I've narrowed down my problem to this snippet(which doesn't use lambdas, but reproduces my error perfectly): 我将问题缩小到此代码段(不使用lambda,但完美地再现了我的错误):
#include <functional>
#include <iostream>
struct foo {
template<class T>
void bar(T data) {
std::cout << data << "\n";
}
};
void some_fun(const std::function<void(int)> &f) {
f(12);
}
int main() {
foo x;
auto f = std::bind(&foo::bar<int>, x, std::placeholders::_1);
auto w = std::bind(some_fun, f);
w();
}
The call to w()
produces one of those lovely gcc error outputs in which I can't figure out what's going wrong. 调用
w()
会产生一些可爱的gcc错误输出,其中我无法弄清楚出了什么问题。 This is the error echoed by gcc 4.6.1: 这是gcc 4.6.1回显的错误:
g++ -std=c++0x test.cpp -o test
test.cpp: In function ‘int main()’:
test.cpp:20:7: error: no match for call to ‘(std::_Bind<void (*(std::_Bind<std::_Mem_fn<void (foo::*)(int)>(foo, std::_Placeholder<1>)>))(const std::function<void(int)>&)>) ()’

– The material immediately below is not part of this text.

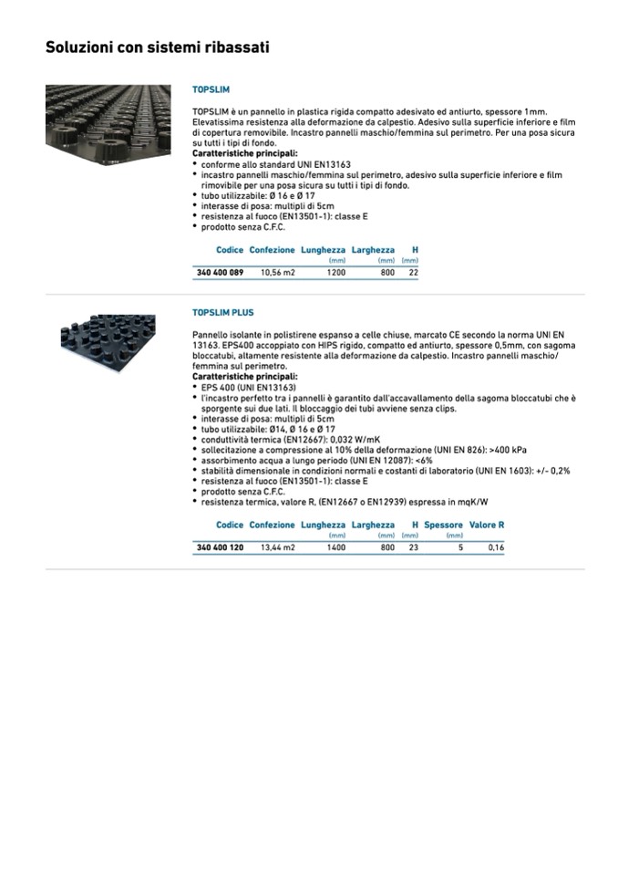 bloccatubi, altamente resistente alla deformazione da calpestio. Incastro pannelli maschio/

/usr/include/c++/4.6/functional:1130:11: note: candidates are:
/usr/include/c++/4.6/functional:1201:2: note: template<class ... _Args, class _Result> _Result std::_Bind<_Functor(_Bound_args ...)>::operator()(_Args&& ...) [with _Args = {_Args ...}, _Result = _Result, _Functor = void (*)(const std::function<void(int)>&), _Bound_args = {std::_Bind<std::_Mem_fn<void (foo::*)(int)>(foo, std::_Placeholder<1>)>}]
/usr/include/c++/4.6/functional:1215:2: note: template<class ... _Args, class _Result> _Result std::_Bind<_Functor(_Bound_args ...)>::operator()(_Args&& ...) const [with _Args = {_Args ...}, _Result = _Result, _Functor = void (*)(const std::function<void(int)>&), _Bound_args = {std::_Bind<std::_Mem_fn<void (foo::*)(int)>(foo, std::_Placeholder<1>)>}]
/usr/include/c++/4.6/functional:1229:2: note: template<class ... _Args, class _Result> _Result std::_Bind<_Functor(_Bound_args ...)>::operator()(_Args&& ...) volatile [with _Args = {_Args ...}, _Result = _Result, _Functor = void (*)(const std::function<void(int)>&), _Bound_args = {std::_Bind<std::_Mem_fn<void (foo::*)(int)>(foo, std::_Placeholder<1>)>}]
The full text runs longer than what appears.